In its Risk Monitoring and Examination Priorities Letter (the "2021 Letter"), FINRA identified several areas of focus for 2021, including:
- Firm Operations. FINRA will assess firms' compliance with (i) AML regulatory obligations, including FINRA Rule 3310, (ii) cybersecurity and technology governance requirements, including FINRA Rule 4370, (iii) outside business activities and private securities transactions obligations, including FINRA Rules 3270and 3280, (iv) books and records requirements, including Exchange Act Rules 17a-3 and 17a-4 and FINRA Rules 3110 and 4510, (v) regulatory events reporting requirements, including FINRA Rule 4530, and (vi) fixed-income mark-up disclosure requirements, including FINRA Rule 2232 and MSRB Rule G-15.
- Communications and Sales. FINRA will monitor firms for compliance with Consolidated Audit Trail ("CAT"), Regulation BI and Form CRS requirements. In addition, FINRA will address firms' compliance with (i) public communications requirements under FINRA Rule 2210, (ii) private placements requirements under FINRA Rule 2111and (iii) variable annuities requirements under FINRA Rule 2330.
- Market Integrity. FINRA will focus on (i) compliance with CAT NMS Plan FINRA Rule 6800 Series, (ii) best execution as required under FINRA Rule 5310, (iii) large trader reporting obligations under Exchange Act Rule 13h-1, (iv) direct market access requirements under Exchange Act Rule 15c3-5and (v) the vendor display requirements under Regulation NMS Rules 600 and 606.
- Financial Management. FINRA will focus on requirements relating to (i) net capital, (ii) liquidity management, (iii) credit risk management and (iv) the segregation of assets and customer protection.
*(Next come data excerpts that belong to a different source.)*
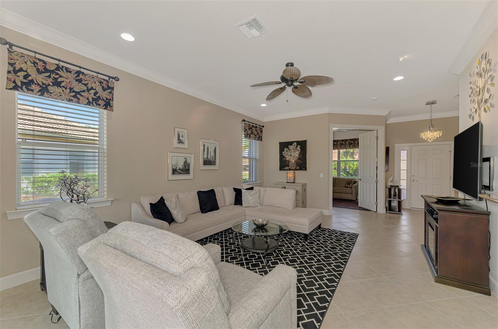 DESCUBRA O CHARME COSTEIRO, O CONFORTO E A DIVERSÃO AO AR LIVRE ENSOLARADO NA FLÓRIDA VIVENDO NO SEU MELHOR nesta villa lindamente atualizada de 2 quartos + sala e 2 banheiros com piscina de água salgada e garagem para 2 carros, situada no muito procurado condomínio fechado de Riverwood. Entre para ver tetos altos de 3 metros, portas internas de 2,5 metros e acabamentos elegantes por toda parte. Desfrute do piso cerâmico nas principais áreas de estar e no escritório, complementado por madeira projetada na suíte principal e carpete aconchegante no quarto de hóspedes. A espaçosa sala de estar cria uma atmosfera ideal para entretenimento ou relaxamento, enquanto o versátil escritório funciona perfeitamente como escritório, biblioteca, sala de artesanato ou espaço adicional para hóspedes. Os detalhes aprimorados incluem rodapés de 5" e sancas por toda parte. O coração da casa é a cozinha deslumbrante, completa com eletrodomésticos de aço inoxidável, bancadas de granito e armários de madeira, incluindo armários superiores de 36" com sancas. Um armário despensa oferece excelente armazenamento, e a sala de jantar adjacente oferece um local encantador para desfrutar de refeições com vista para a varanda e para a piscina. Retire-se para a generosa suíte principal, seu santuário privado, com um amplo closet e um sereno banheiro privativo tipo spa com pias duplas de granito e box amplo. O convidativo quarto de hóspedes fica ao lado de um banheiro completo com bancada de granito e combinação banheira/chuveiro. Abra as portas de vidro para o seu próprio oásis tropical. O quintal privado oferece vistas panorâmicas da reserva com a desejável EXPOSIÇÃO DO SUL, com o sol brilhando em um deck de pavimentação exibindo a piscina de água salgada cintilante, completa com uma fonte e uma refrescante mesa de sinuca - tudo fechado dentro de uma gaiola protegida para diversão durante todo o ano. Atualizações e recursos adicionais: • Novo AC • Novo tanque de água quente • Persianas motorizadas na porta da frente e na varanda, e persianas sanfonadas em todas as janelas externas. Como residente de Riverwood, você desfrutará de comodidades de classe mundial, incluindo um campo de golfe profissional par 72, academia de ginástica de última geração, piscina estilo resort, pickleball e quadras de tênis Har-Tru. Associações opcionais podem estar disponíveis para o exclusivo Private Beach Club em Manasota Key. Idealmente localizada a poucos minutos de restaurantes requintados, lojas, passeios de barco e das famosas praias do Golfo, esta casa oferece o melhor do luxo e do estilo de vida da Flórida. Não perca esta oportunidade excepcional – agende sua exibição privada hoje mesmo!
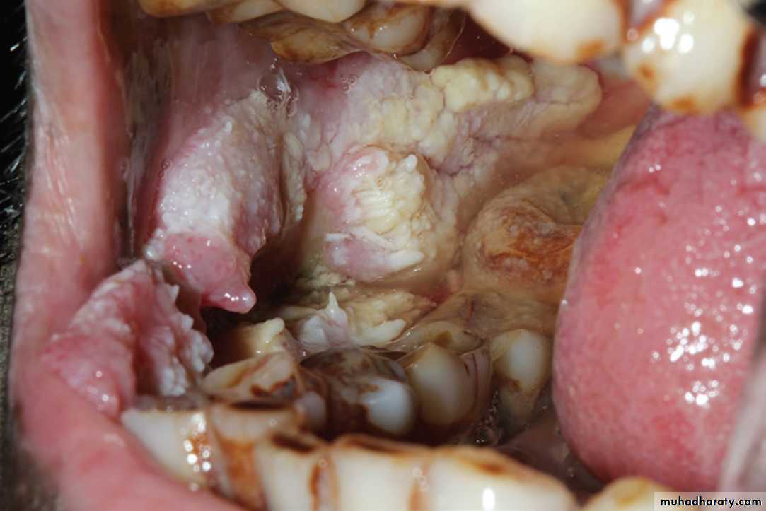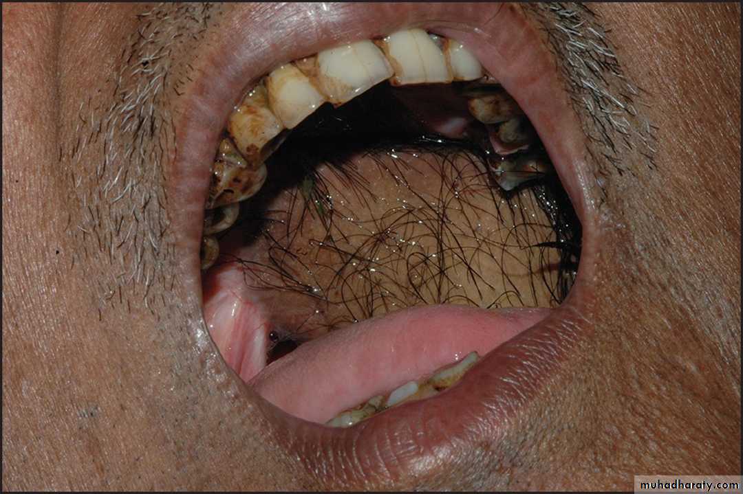 Oral Submucous Fibrosis. Same Gutkha user patient after years developed Squamous Cell Carcinoma. Extensive mass involving the right buccal mucosa and right lower labial mucosa•
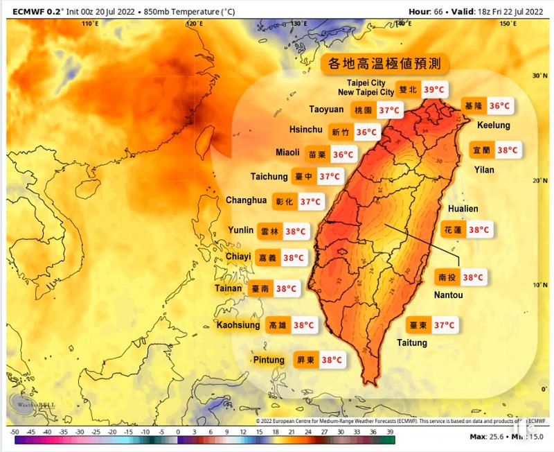 The nation’s highest temperatures tend to be recorded in areas that lack wind and foliage, such as the Taipei Basin, where temperatures are forecast to reach 40°C on Sunday or Monday, meteorologist Peng Chi-ming (彭啟明) said, adding that the urban heat-island effect could make Taipei and New Taipei City even hotter.
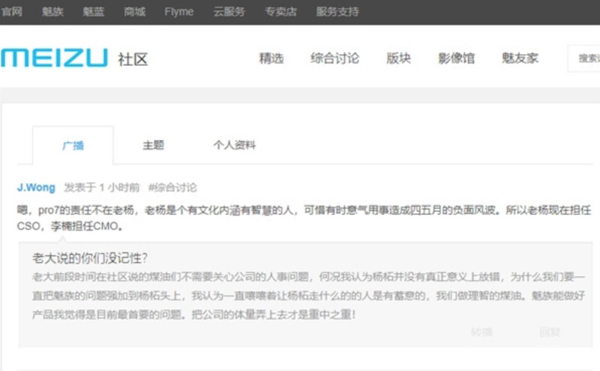 36氪讯,魅族创始人黄章在回复魅友的帖子中提到:“pro7的责任不在老杨,老杨是个有文化内涵有智慧的人,可惜有时意气用事造成四五月的负面风波。所以老杨现在担任CSO,李楠担任CMO”。
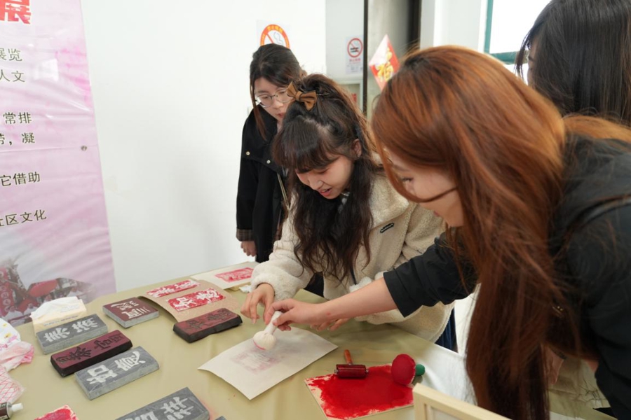 今年的寻“美”定海行动同步启动。在接下来的一个月中,定海路街道为社区居民提供了丰富的美育场景,居民可以在社交媒体上分享“打卡”社区地标的美图,还可以参加国家级非遗“上海港码头号子”导赏、“文明生活秀”活动。街道辖区内的博物馆、公园里也设置了各类手工制作、互动体验活动等着居民前往参加。活动当天,定海社区文化活动中心内就开启了麦秆画制作、团扇绘制、拓印体验、书画作品欣赏等多项美育活动,吸引了不少居民参与。
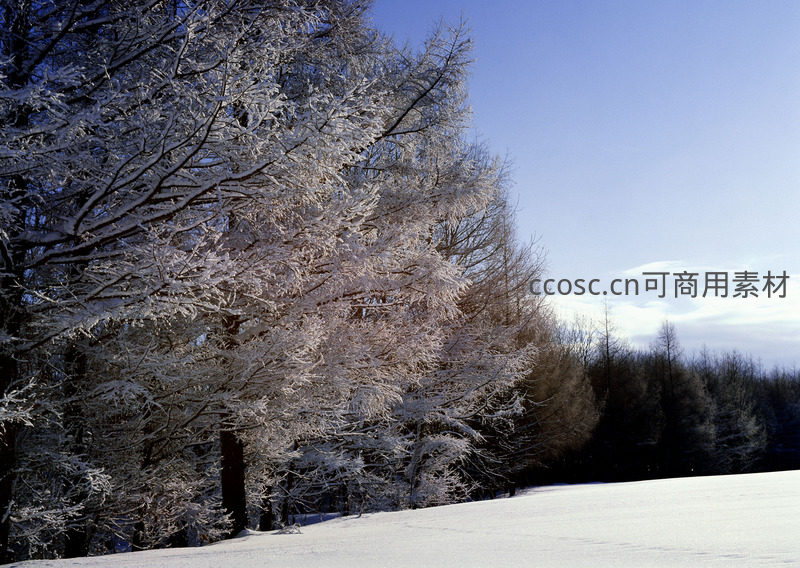 树梢挂满晶莹雾凇,在晴朗蓝天的映衬下熠熠生辉,雪地广阔无垠,尽显北国冬日壮美。

FINRA notes that firms continue to encounter issues with complying with recordkeeping rules. It comes as no surprise that the primary exam findings were deficiencies stemming from relationships with external vendors. FINRA's exams found that firms often did not understand that required records, even those stored using a vendor's services, must be fully compliant with the rules. While it is understandable that firms should not be able to outsource away their obligations, this makes vendor diligence extremely important. When selecting a vendor, a firm should ensure that its vendor fully understands the regulatory obligations and is capable of meeting them. In addition, firms would be wise to regularly test their vendors' capacities to ensure that all records are being kept appropriately and are accessible as required.